STORED DATA:

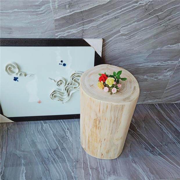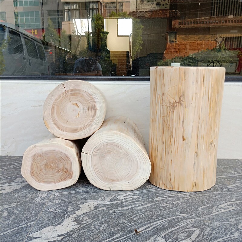 Nordic solid wood round stool clothing store wooden pier stake furnished stool root carved stool rubber
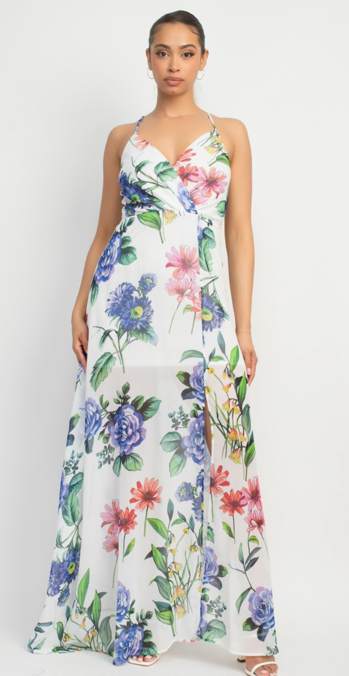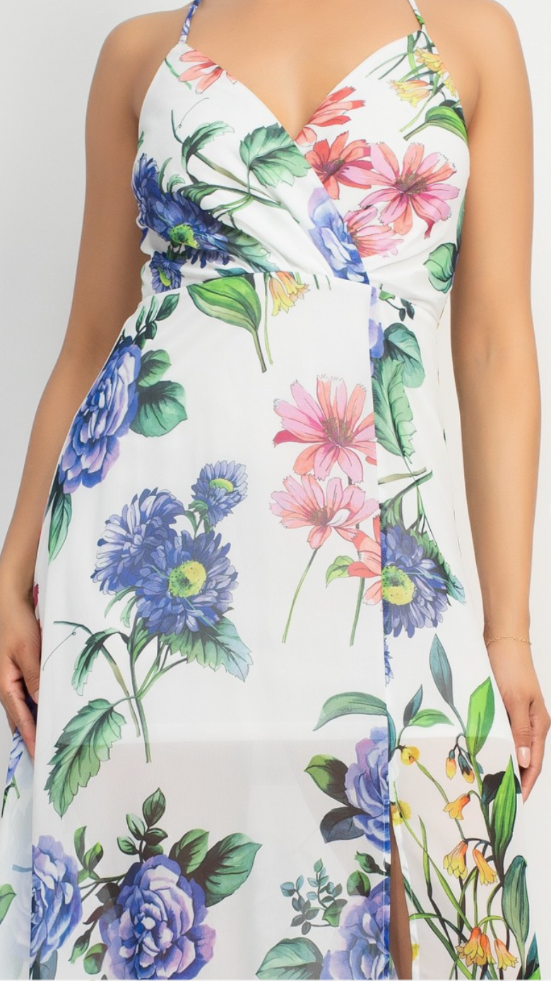 A floral printed chiffon maxi dress that exudes everyday versatility featuring adjustable sleeveless straps, wrap top design, surplice neckline, A-line silhouette, zip-up closure, and a front slit. Made in Cambodia
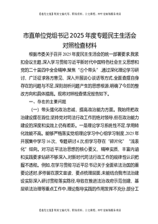 市直单位党组书记2025年度专题民主生活会对照检查材料.docx

YOUR GOAL:
Exact output of each line above is wanted, without the pictures.

RESPONSE AREA:
 Nordic solid wood round stool clothing store wooden pier stake furnished stool root carved stool rubber
 A floral printed chiffon maxi dress that exudes everyday versatility featuring adjustable sleeveless straps, wrap top design, surplice neckline, A-line silhouette, zip-up closure, and a front slit. Made in Cambodia
 市直单位党组书记2025年度专题民主生活会对照检查材料.docx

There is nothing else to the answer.